They say ‘size’ matters, but seemingly not to an increasing number of those in the market for an urban SUV, where sales of compact models have hit top gear, and Audi is keen to go along for the ride with its new mini sized Q2.
The Q2 may be the company’s smallest SUV, but there big expectations of it shoring up a greater share of our SUV market, that defies the pundits and continues to grow at an astonishing rate. The Q2 is being pitched as a premium urban-type vehicle for everyday driving and recreation, blending what Audi claim is a progressive design with a high level of functionality.
A square angular profile is pure Audi, while the vehicles concave flanks and exaggerated wheel arches, bring a new and interesting twist to the company’s current design language. A low roofline and high window line fashion a sporty coupe-like look and a purposeful stance on the road. Especially striking are the wedge-shaped LED headlights, a distinctive single frame grille, and air inlet that are large in proportion to the rest of the vehicle.
With the Q2, Audi are venturing into a new market segment, with a unique mix of style and technology, are confident it will hit the mark with buyers with its crisp clean lines, exceptional quality, plus high levels of standard equipment. One area where I think it misses the mark is affordability. We all know Audi is a premium European brand, but the solitary Q2 offering is know bargain at $54,500. Regardless of the badge it sports that is a steep ask for a small 1.4 litre turbo charged five-door two-wheel drive SUV. The range will broaden from just being a solo act with more A2 models expected later in the year. A 4WD Quattro version may be on the cards, and would make an exciting prospect for trumping our exacting terrain, weather and road conditions.
A 1.4 litre turbo engine produced 110 kW and 250 Nm of torque, is lively, responsive and silky smooth. It exceeded my expectations, delivering excellent fuel economy, low noise levels and solid all round performance right across the board.

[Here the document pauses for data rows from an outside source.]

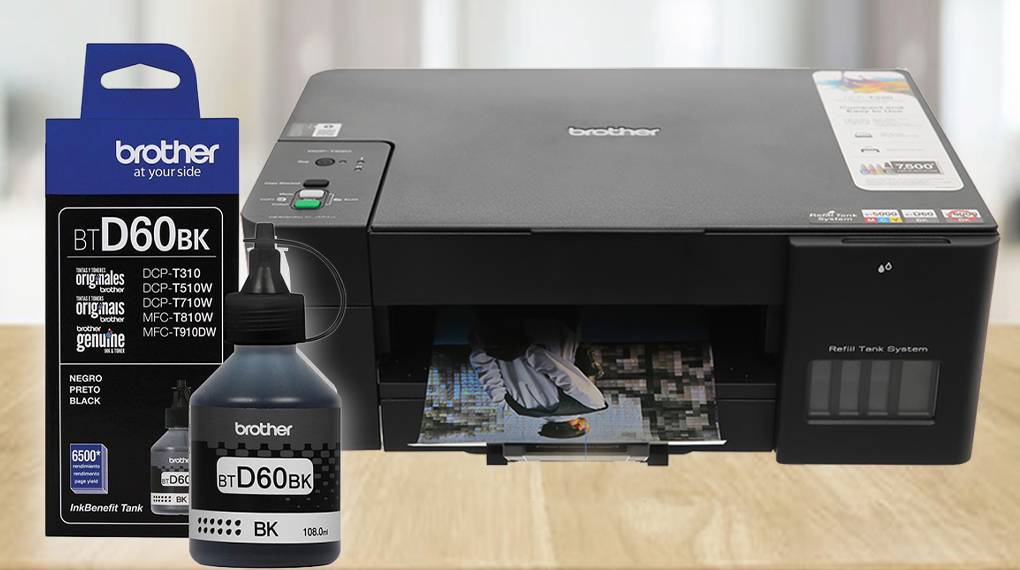 Bình mực in phun Brother có thể in màu lên đến 7500 trang A4 với độ phủ màu 5%. Một hiệu suất in khá ấn tượng với một bình mực in nhỏ như BTD60BK.
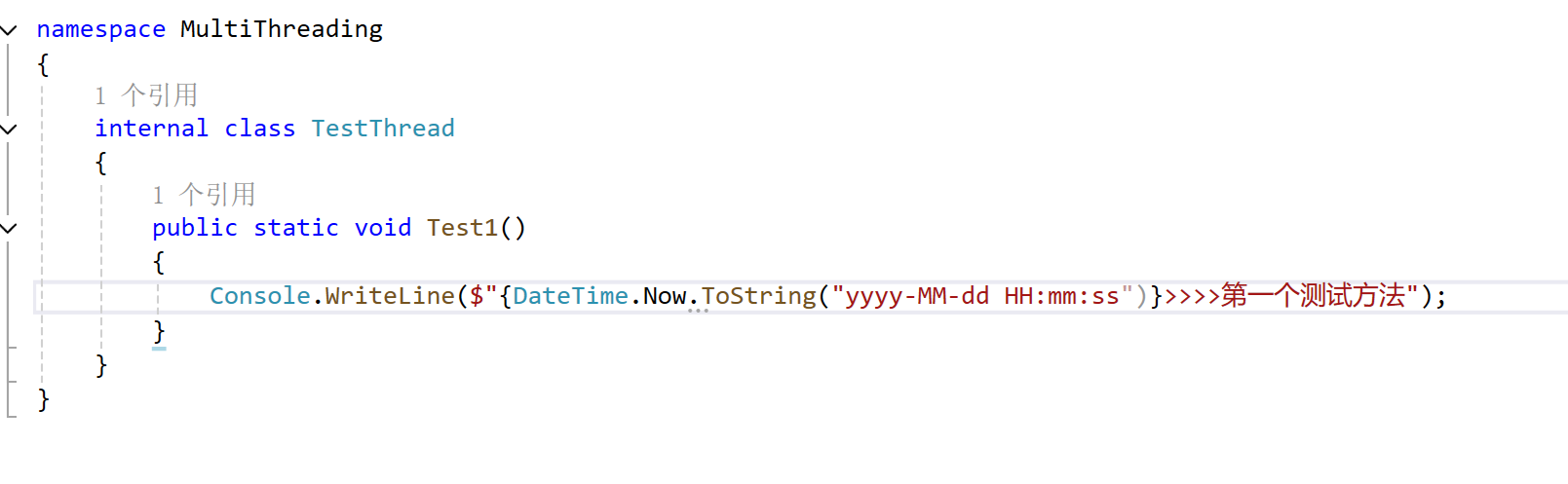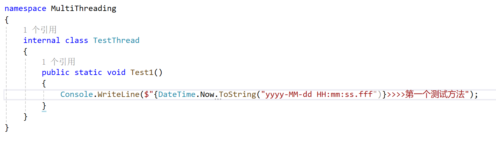 5、在Program中,把输出改成调用TestThread类中的测试方法再次执行测试一下
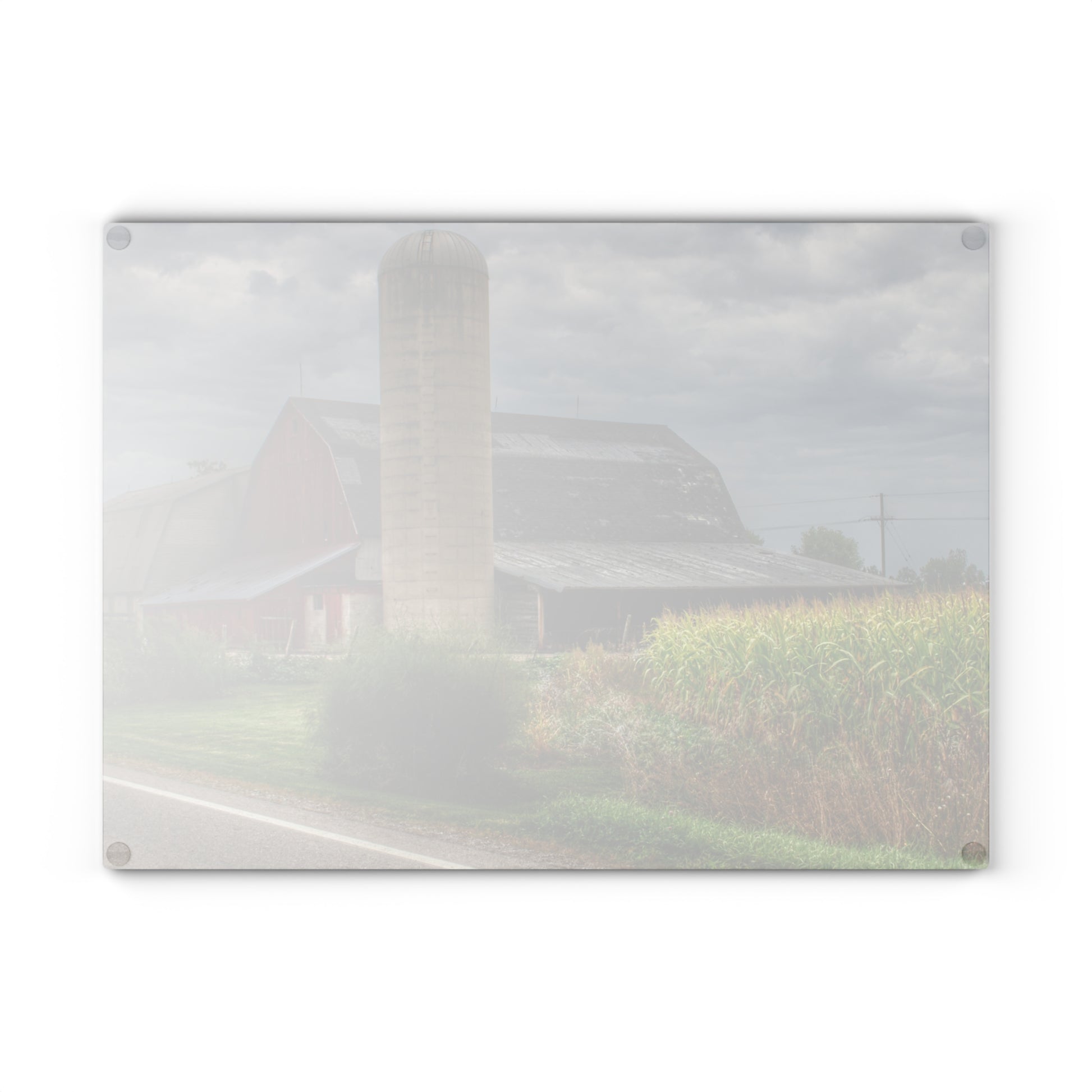 U R There Photography Lake Pleasant Road Red and Silo II Rustic Farmhouse Tempered-Glass Cutting Board
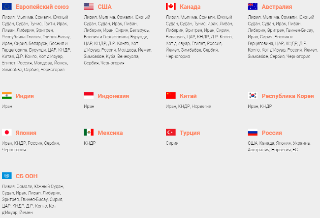 - Торговля с КНДР, Сирией и Ираном (6 физических лиц и 16 юридических).
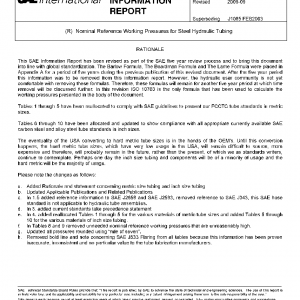 This SAE Information Report is intended to provide design guidance in the selection of steel tubing and related tube fittings for general hydraulic system applications. The information presented herein is based on tubing products which conform to SAE and ISO standards listed in the reference section.

While not at the high end of the verve, power and passion performance continuum it slowly but surely wins you over with its relentless pulling power from low revs. It also displayed true strength and endurance in comfortably polishing off long and energy sapping hill climbs.
To its credit, the engine largely maintains this tempo even with a full compliment of passengers and luggage aboard. Are there any down sides to this motor? About the only one worth a mention is a hint of hesitancy under hard acceleration from standing starts, before the turbo snaps out its micro nap and springs into action. I have noticed this trait to varying degrees in a variety of Volkswagen and Skoda models that share this same power plant.
Gear changing is taken care of by a proven and efficient 7-speed automatic with tip shift mode allowing the driver to mimic manual gear changes, if that sort of thing floats your boat. With the speed and accuracy of this transmission, I struggled to find any logical or compelling reason to dive into manual mode, apart from the initial curiosity factor.
The interior of the Q2 is superbly put together and exudes quality in every direction. It draws on taut and angular Germanic design cues, not Q’s of the exterior. There is space for five passengers, although not a great deal for those consigned to the rear seat, where head and legroom are in scare supply. The four doors open wide making entering and departing from the car easy.
An elevated driver and front passenger seats ensure good all round visibility and give the vehicle that all important SUV feel that new car buyers are so desperate for. The Q2 offers up to 1,050 litres of cargo space when the rear bench seat is folded down, an impressive figure givens for the vehicles modest footprint.
Apple CarPlay and Android Auto interfaces are standard, while Q2 tech loving buyers can option for a hefty $3,500 Audi’s Virtual Cockpit and navigation plus system. Virtual cockpit is built around a large 12.3-inch high-definition digital display that replaces the standard instrument cluster.
Among its bag of tricks are customisable displays of navigation information, trip data, speedometer and tachometer. The optional Head-up display projects driver- relevant data as coloured graphics onto a glass panel in the driver’s direct field of vision, so their eyes do not deviate from the road ahead. This is a good thing for their safety and that of other road users.
Buyers wanting to express their individuality will love how easy it is to personalize their Q2, and really stand out from the automotive masses. This vehicle allows them to do that in a variety of ways with a selection of 11 colour palates, five alloy wheel designs and four additional contrast colour C-Pillar blades. Vibrant tones such as yellow, orange and red are available for inlay sections of the seats and contrast stitching.
Remarkably, the compact Q2 inherits much the same first class ride and road holding characteristics of much larger and more substantial members of the Audi family. Initially the low speed ride does appear a touch on the staunch unyielding side of the ride comfort spectrum. However, it still manages to negotiate most bumps and potholes without the suspension sounding like a large bass drum. Road holding is a genuine strength and top shelf material for a small premium priced urban SUV. When hounded hard over undulating terrain or through demanding curves the Q2 hugs the road with grizzly bear like power and intensity, but without the bad breath of grizzly.
Whats the verdict? Classy and refined compact urban SUV at a premium price, better value for money offerings in this market segment.